### What you are asked to do
Transcribe, starting at the line with "3、进入冰原技能界面,查看其" and ending at the line with "Легкая полиуретановая подошва", every line of the material below exactly, but leave out the pictures and anything outside that span.

== == ==

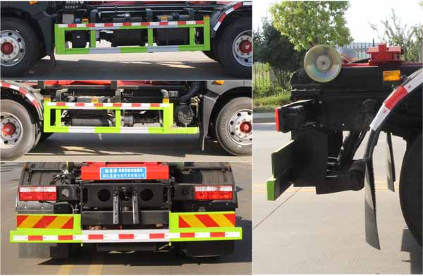 該車主要用于垃圾轉運,專用裝置為勾臂./后部防護裝置材料:Q235碳鋼,連接方式均為:螺栓連接;后防護截面尺寸120×50mm,后部防護離地高度(mm):480.ABS系統生產廠家,型號 :焦作博瑞克控制技術有限公司,J ABS;襄陽東風隆誠機械有限責任公司,ABS/ASR-24V-4S/4M.安裝具有衛星定位功能的行駛記錄儀.發動機型號與油耗值對應關系為(L/100km):B6.2NS6B210/26.1,D4.5NS6B220/26.3,D4.0NS6B195/26.4,YCS04200-68/26.5,CY4SK761/26.3,B6.2NS6B230/26.1,YCY30165-60/23.1.該車可選裝直接供電式ETC車載裝置.僅采用底盤4700mm,4500mm,3950mm軸距改裝.隨底盤選裝燃油箱,電瓶,尿素罐,儲氣筒左右安裝位置.隨底盤選裝限速裝置,限速89km/h.
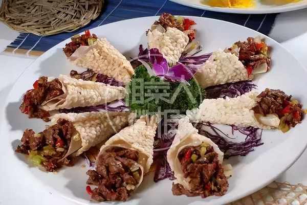 2.锅巴过油肉,卷成斗状卷,春卷皮过油后卷好放入锅巴内。
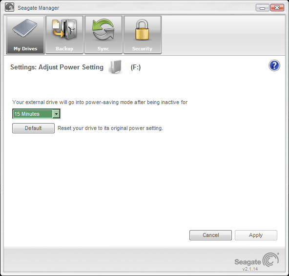 Период неактивности, после которого накопитель переходит в спящий режим, выбирается достаточно гибко: 3, 5, 10, 15, 30 минут, 1, 2, 3, 4, 5 часов или никогда. Значением по-умолчанию является 15 минут, что достаточно удобно для постоянно используемого компьютера, но если вы допускаете в работе достаточно длительные паузы, вполне разумным будет временной интервал увеличить.
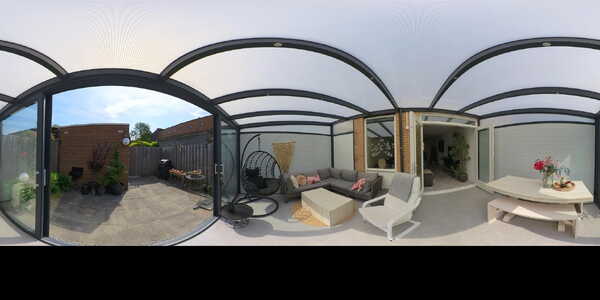 - Ruime serre met openschuifdeuren, voorzien van inbouwspots en vooral veel natuurlijk licht
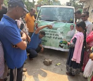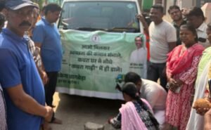 नारियल फोड़कर और अगरबत्ती दिखाकर कचरा वाहन को लोगो ने किया रवाना
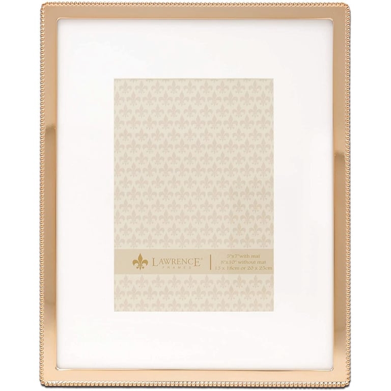 Main view Product Details Lawrence Frames® Beaded Trim Gold finish 8x10/5x7 frame by Lawrence® — Gold metal picture frame with classic bead design. This heavy weight cast metal frame has a rich and lustrous gold finish. Frame displays a 5"x7" with its soft-white mat; an 8x10" without mat. High quality black velvet backing with easel for vertical or horizontal tabletop display, and comes with hangers for vertical or horizontal wall mounting. Glare resistant glass lens. By Lawrence Frames®, crafting fine frames for generations. Beaded Trim Gold finish 8x10/5x7 frame by Lawrence® Model #751148079150 List $45.00 You pay $34.95 This item IS in stock and can be expected to ship 01/30/2026 In stock Your Price Match is Active Your request for a price of $0.00 for a minimum quantity of has been accepted. You have [time] left to purchase this item for $0.00 instead of $34.95 each. Find a Lower Price? We BEAT All Authorized Retailers [?] FEATURESDisplays:5"x7"Material:Gold plateFinish:GoldOccasion:Anniversary, Birthday, Business & office, Congratulations, Friendship, Home decorating, Retirement, Thank-Motivate-RewardStyle:Contemporary, SophisticatedOrientation:BothBrand:Lawrence Frames®Display Type:Desktop or Wall Approx. Overall Dimensions:8 3/4"x10 3/4"x3/4" This item ships in its own box SHARE THIS ITEM Share on Facebook
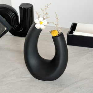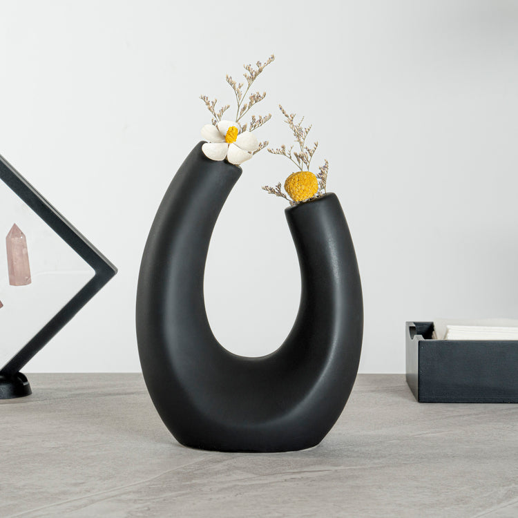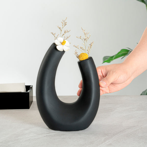 BLACK CERAMIC U-SHAPED VASE
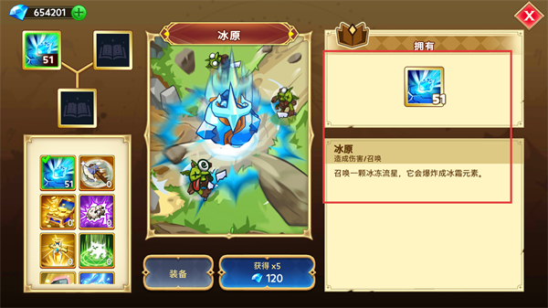 3、进入冰原技能界面,查看其召唤冰宝转化为冰元素的效果,确认当前持有数量后,可点击获取按钮增加该技能的使用次数。
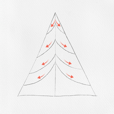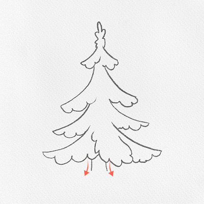 Такой рисунок делается на основе ели из первого способа. Сначала нарисуйте елку карандашом, как говорится там, но не закрашивайте ее — вместо этого переходите к инструкции ниже.
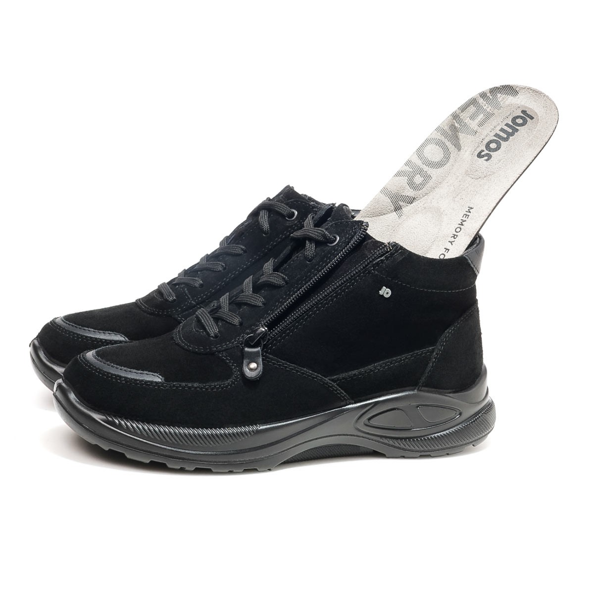 Легкая полиуретановая подошва c технологией Jomotion поглощает удары при ходьбе, стабилизирует стопу и поддерживает оптимальный перекат, снимая нагрузку с суставов ног и позвоночника при ходьбе. А противоскользящий рельеф прочной, износостойкой подошвы обеспечивает превосходное сцепление со скользкой поверхностью.
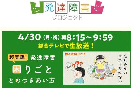 NHKでは,10の番組が連携して「発達障害プロジェクト」がスタートしており,4月30日(月)に「超実践! 発達障害 ”困りごと”とのつきあい方」という番組が放映されます。新年度が始まり不安が多くなるこの時期に,NHKに寄せられた声の中から対処法を厳選し,具体的に伝えていただける番組のようです。
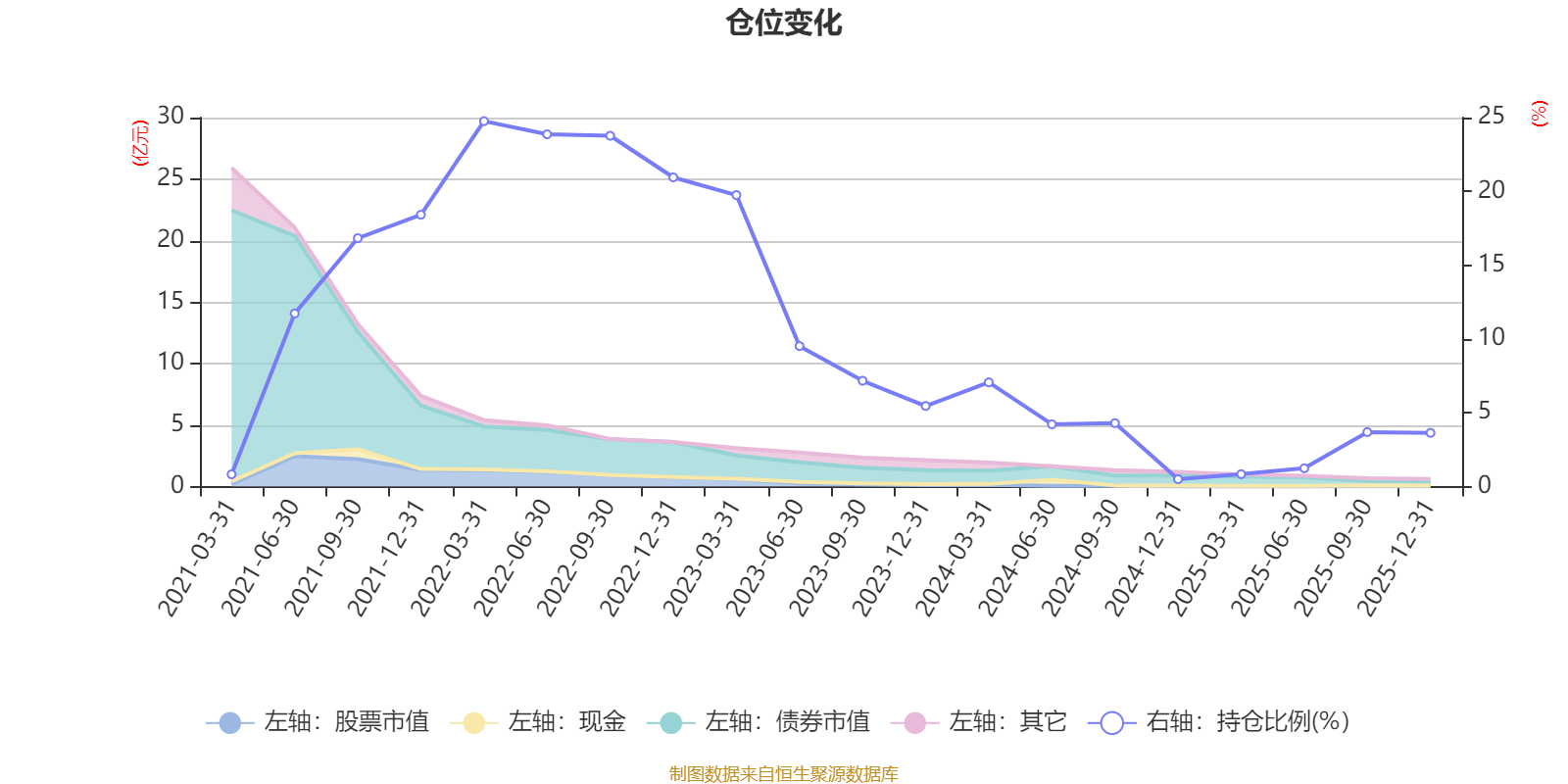 据定期报告数据统计,近三年平均股票仓位为5.62%,同类平均为19.2%。2022年一季度末基金达到24.76%的最高仓位,2024年末最低,为0.5%。
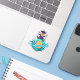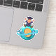 Celebrar la convergencia de la educación y la innovación con nuestro pegatina llamativo que presenta a un graduado sentado sobre un globo de criptografía.
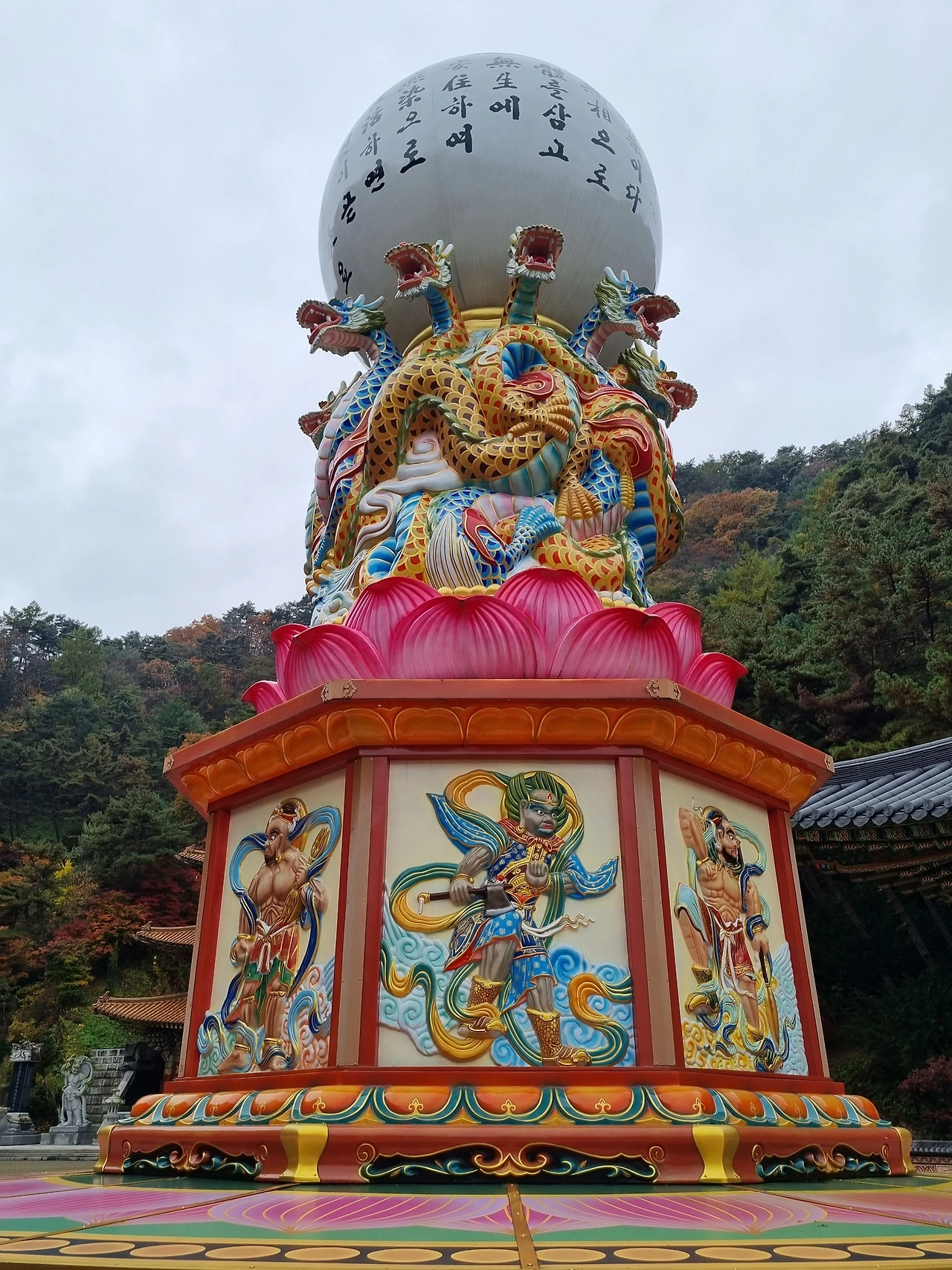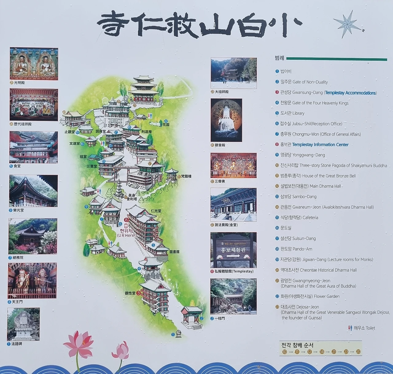 다음으로 천태종의 본산인 구인사! 주차장에서 어떤 분이 친절하게도 버스를 타고 가라고 하셔서 타고 올라왔다. 그런데 거기에서 또 한참을 올라가야지 제일 큰 본당에 나오게 되었다. 희안하게도 부처님이 아니라 천태종의 부흥을 일으킨 분을 모시는 곳이어서 의아해했던 기억이 난다. 절 건물들이 나무처럼 보였으나 거의 콘크리트로 만든 것이었고 공양을 하루에 세번 한다고 해서 놀라웠다.
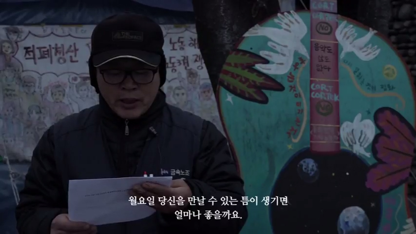 부제로 달린 “무릎 끓고 사느니보다 서서 죽기를 원한다”라는 문장은 본격적인 민중가요가 만들어지기 전까지 가장 많이 불렸다는 일명 ‘훌라송’의 가사 한 구절이기도 하다. 영상의 말미에서 노동자들과 연대자들이 모여 서서 환하게 웃으며 훌라송을 각자의 상황에 맞게 개사해 부르는 장면은, 이 비장하고 결의 어린 다짐의 실천도 결국 함께하는 소소한 시간들 위에서 가능하리라는 사실을 말해주는 듯하다. 서촌궁중족발에서 1월 14일까지 열리는 제5회 도시영화제에 가면 ‘끝나지 않는 편지’를 비롯해 도시의 투쟁에 관해 만들어진 여러 영상들을 관람할 수 있다.
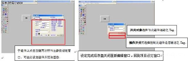 18. 于组件区选择按钮 19. 在组件上点击鼠标右键,呼叫Tag设定窗口
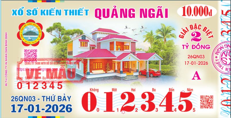 Mở thưởng Thứ Bảy ngày 17-01-2026Ký hiệu: 26QN03
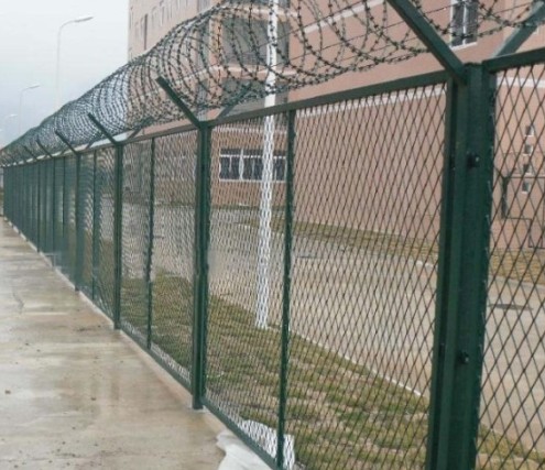 監(jiān)獄巡邏道隔離網(wǎng)整體設計高大、美觀、實用,網(wǎng)墻的設計具剪切、防攀爬功能,能夠十分有效的防止罪犯的潛逃。監(jiān)獄巡邏道鋼網(wǎng)墻V型架頂端安裝刀片刺網(wǎng),直徑采用50cm-60cm刀片刺網(wǎng)主要是由熱鍍鋅鋼板或不銹鋼薄板沖壓而成的,它擁有尖銳的刀片,高張力鍍鋅鋼絲或者不銹鋼絲做芯線組合而成的產(chǎn)品。

== == ==

### Expected answer
 3、进入冰原技能界面,查看其召唤冰宝转化为冰元素的效果,确认当前持有数量后,可点击获取按钮增加该技能的使用次数。
 Такой рисунок делается на основе ели из первого способа. Сначала нарисуйте елку карандашом, как говорится там, но не закрашивайте ее — вместо этого переходите к инструкции ниже.
 Легкая полиуретановая подошва c технологией Jomotion поглощает удары при ходьбе, стабилизирует стопу и поддерживает оптимальный перекат, снимая нагрузку с суставов ног и позвоночника при ходьбе. А противоскользящий рельеф прочной, износостойкой подошвы обеспечивает превосходное сцепление со скользкой поверхностью.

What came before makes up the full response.